Он прикурил сам, аккуратно поместив сигарету между губами и прикрыв спичку руками, чтобы ее не погасил довольно сильный ветер, дувший с моря.
После долгой затяжки он сказал:
– Сначала я поеду в Мадрид, а потом, наверное, в Танжер, откуда, как меня уверяли, можно беспрепятственно добраться до Кубы – будет видно по обстоятельствам. А после войны я планирую поселиться в Нью-Йорке.
– Говорят, Нью-Йорк – красивый город, – сказала я.
– Я тоже об этом слышал. У меня там друзья. – Его взгляд остекленел. – Ну, то есть я хорошо знаю нескольких человек в Нью-Йорке.
Говорил он с невеселой интонацией, голос его замирал в конце каждой фразы, и я поняла, что он ни секунды не верил в то, что когда-нибудь попадет на Кубу или в Нью-Йорк. И в том, что там его ждут друзья, он, быть может, тоже сомневался. Беньямин отпустил эту реплику как воздушный шарик на нитке, и он, разноцветный, подпрыгивал на ветру. Но это был всего лишь воздушный шарик: острое внимание к смыслу может уколоть его, и он лопнет.

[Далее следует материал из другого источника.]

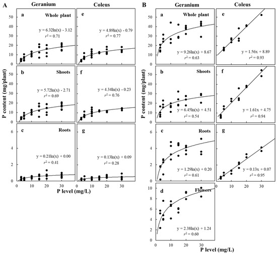 The effects of P level on P content in whole plant (a,e), shoots (b,f), roots (c,g), and flowers (d) of geranium and coleus plants during the vegetative (A) and reproductive (B) phases. Solid lines indicate logarithmic or linear fits to the respective data (p < 0.05).

В Марселе Старина Беньямин проникся дружескими чувствами к женщине средних лет по имени Хенни Гурланд. Она со своим сыном-подростком Хосе тоже отчаянно стремилась выбраться из Франции: ей (как и всем нам) отказали в выездной визе в Марселе. Мужа ее герра Гурланда убили летом при попытке бежать из военной тюрьмы недалеко от Тура, куда его посадили для «репатриации» в Германию. Старина Беньямин хотел, чтобы Гурланды перешли Пиренеи вместе с нами.
– Фрау Фиттко, значит, вы проведете нас в Испанию? Я не ошибся в своих надеждах?
– Проведу, если смогу.
– Конечно сможете, – сказал он. – Я в этом совершенно уверен.

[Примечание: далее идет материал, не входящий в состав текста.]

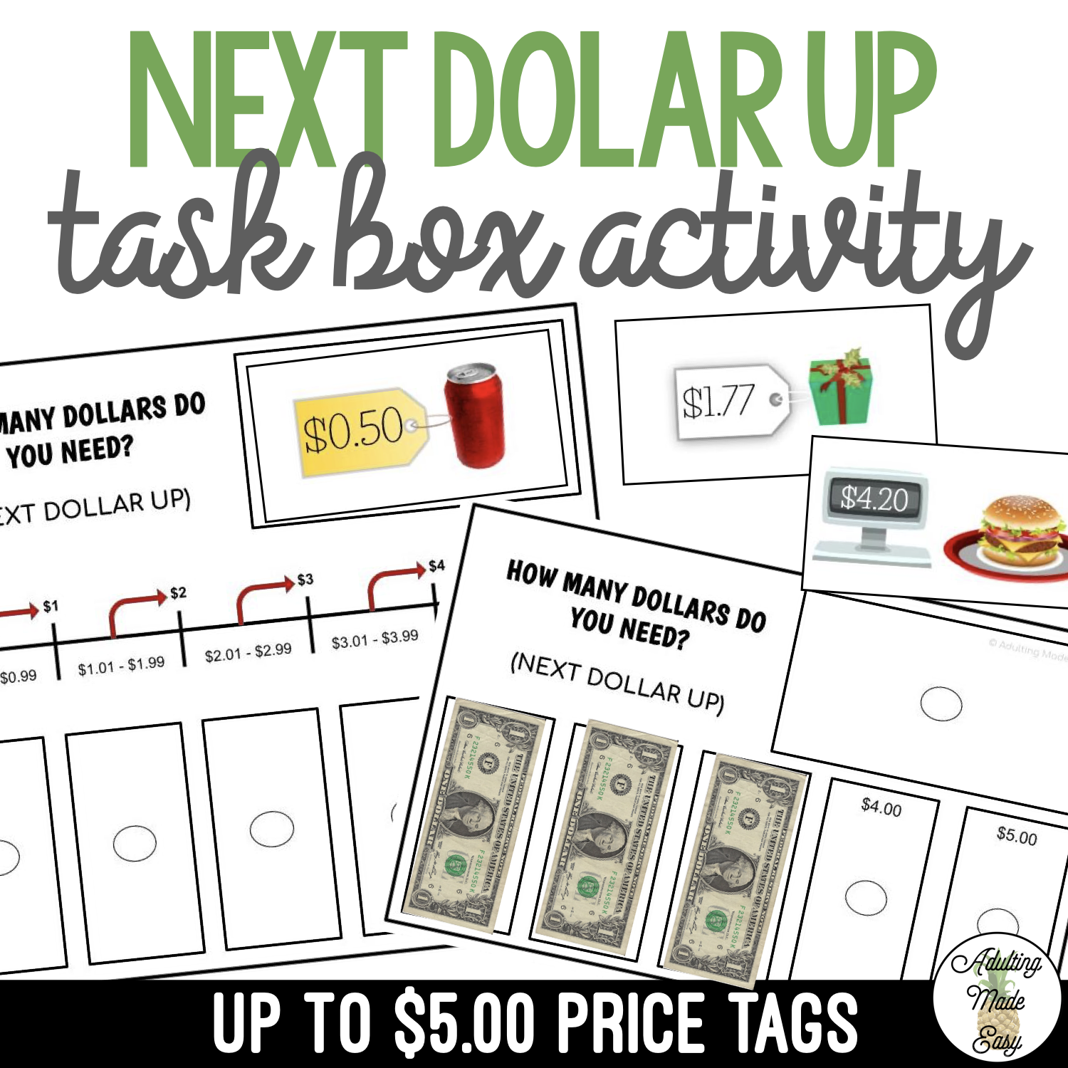 Next Dollar Up ($5-$10) – How Many Dollars Do I Need Task Box Activity

Я объяснила ему, что пока еще не успела сама испробовать этот маршрут. И правда, идти я могла лишь по схеме, набросанной Азема, да и ту он начертил по памяти. Понятно, насколько ненадежной может быть такая карта, особенно когда пытаешься вспомнить все повороты тропы. Еще там было несколько важных ориентиров, их нельзя было пропустить: горная хижина, которая должна остаться слева, семь сосен на плоской возвышенности, которые следовало оставить справа, где-то рядом с вершиной вроде бы должен был появиться виноградник, и если пройти через него там, где надо, то попадешь на ту самую вершину. С одной стороны тропа круто обрывалась вниз ущельями, местами она сильно сужалась. Серьезной опасности переходу прибавляло и то, что в любой момент могли обрушиться и посыпаться камни. Азема предупреждал, что восхождение будет нелегким.
– Риск при переходе есть, – сказала я, несколько смягчая реальное положение дел: лучше было не пугать его лишний раз. – А здоровье у вас явно не на высоте.
Он уже рассказал мне о состоянии своего здоровья больше, чем мне хотелось знать, и ничего хорошего я не услышала. Сердце и легкие у него были слабые, и он был не очень вынослив. Руки у него даже сейчас тряслись, как у старика.
– Боюсь, самый большой риск – это никуда не идти, – сказал он. – Разве у нас есть выбор?
Никто в здравом уме не стал бы с ним спорить. Больше всего меня сейчас беспокоило, насколько точна карта Азема и вынесет ли Старина Беньямин этот переход.
Мы встретились следующим утром, как и договорились. Сначала мы решили поговорить с мэром Азема и попросить его рассказать о маршруте нам обоим: одна память хорошо, а две – лучше. Еву я попросила с неделю подождать, я собиралась повести ее с Тити, когда пойду через горы во второй раз и буду увереннее знать маршрут.
Сигнал тревоги включился у меня внутри, уже когда мы отправились в Баньюльс-сюр-Мер. Старина Беньямин хромал, его одолевала сильная одышка – несмотря на все мои уговоры, он наотрез отказался расставаться со своим портфелем.
– Боюсь, я не очень доверяю хозяину, – сказал он. – Недавно было несколько неприятных случаев.
Я не стала расспрашивать его об этих случаях. Было ясно, что Беньямина не разлучить с его рукописью.
Когда мы подошли к дому мэра, Беньямин был бледен совсем как мертвец: кровь отлила от щек, они светились нездоровой белизной. Он глубоко втягивал в себя воздух, как будто изо всех сил пытаясь напитать легкие. Губы у него стали синевато-серыми.
– Вам плохо? – спросила я. – Я могу найти в Баньюльсе врача, мэр поможет – если нужно.
Он поднял руку.
– Я прекрасно себя чувствую, спасибо, – сказал он, задыхаясь. – Просто немного запыхался. Не привык ходить на большие расстояния, вот и все.